Landmark pension proposals will protect savers from scams and help tackle climate change
The world leading Pension Schemes Bill will be debated in the House of Commons today (Wednesday 7 October 2020).
We outline how it will revolutionise the UK pensions landscape – building a safer, better and greener system. These landmark proposals - from dashboards, scam protection, improved governance, to delivering sustainable investment - offer a once in a generation opportunity to usher in changes that will benefit this country for decades to come.
Behind the scenes, we’ve worked tirelessly to introduce measures that will advance the Government’s goal of ensuring that savers are provided with the necessary support and tools they need to make informed choices about their financial futures.
Key to this is the introduction of pension dashboards –which brings pensions into the digital age by giving people clear information about all of their pensions in one place for the first time.
Everyone deserves to enjoy the retirement they have spent their working lives planning towards. That is why we have outlined provisions to protect against callous scams intended to rob savers of their hard-earned retirement savings.
The Bill will also introduce a legislative framework for collective defined contribution schemes, or CDCs, a new type of pension scheme which spreads the investment risk allowing for greater returns to members and improves schemes’ sustainability for employers.

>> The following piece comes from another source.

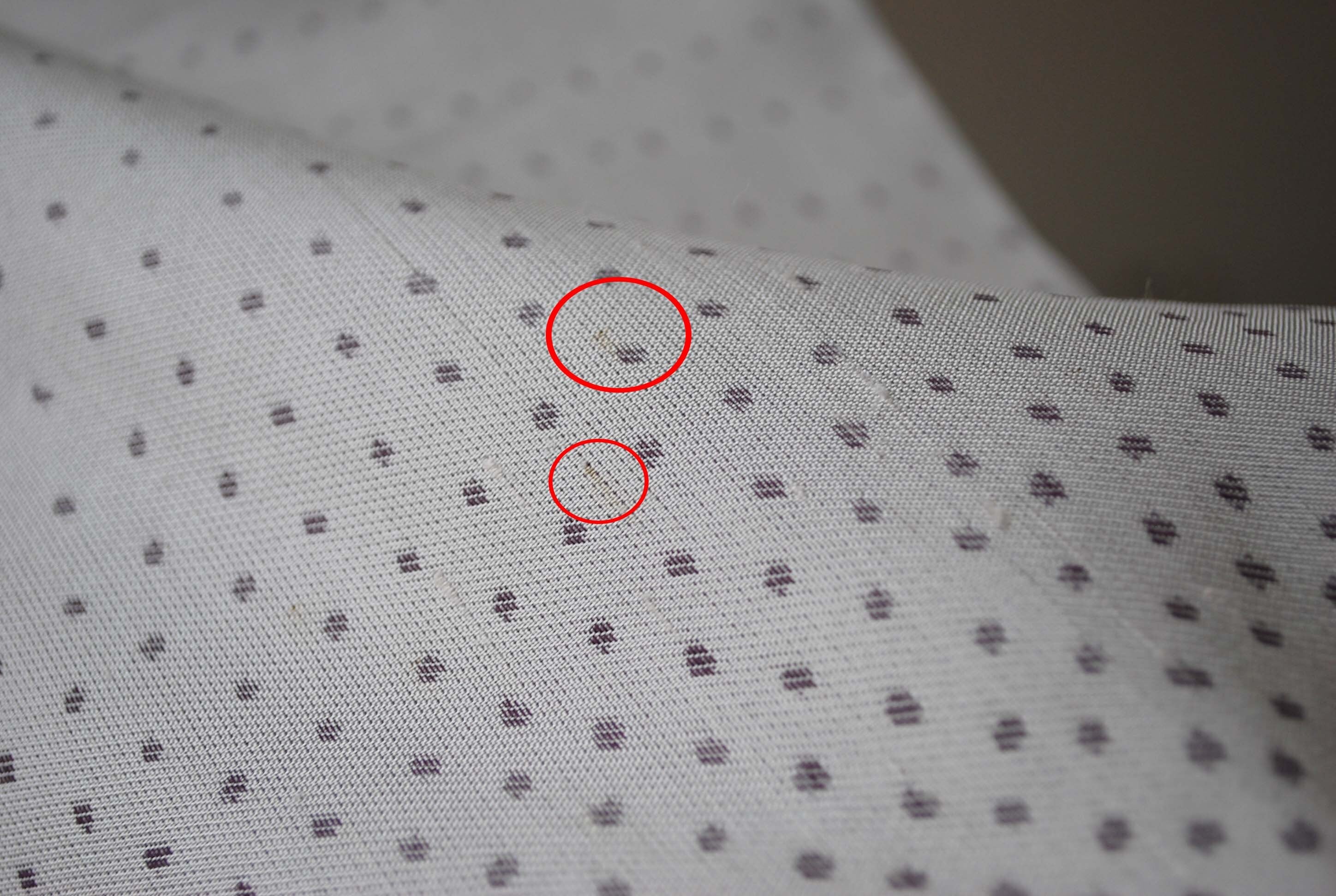 ・左袖内側、外側に薄い小さなシミが数点

In addition, we’re consulting on whether to mandate for pension schemes to adopt and report against the recommendations of the Task Force on Climate-related Financial Disclosures (TCFD).
This will ensure occupational pension schemes take climate change into account as both a risk and an opportunity, and compel trustees to disclose how they have done so to their members, and the public.
Recent Government amendments to the Bill take this further. They add a requirement for schemes to take the Government’s net zero targets into account, as well as the Paris Agreement goals of limiting the rise of average global temperatures, for the purposes of managing their own climate risk.
Coupled with our ongoing work on “illiquid” investments, these climate measures will enable us to mitigate against the dangers of climate change while also grasping the opportunities available as we transition to net-zero.
Finally, the Bill will extend the Pensions Regulator’s sanctions regime - introducing the power to issue civil penalties of up to £1 million and three new criminal offences, including a new sentence of up to seven years in prison for bosses who run pension schemes into the ground or plunder them to line their own pockets.
The powers enacted by the Bill are wide-ranging and will tangibly improve our pension system by making it safer, better and greener. I welcome the opportunity today to discuss them with my fellow MPs.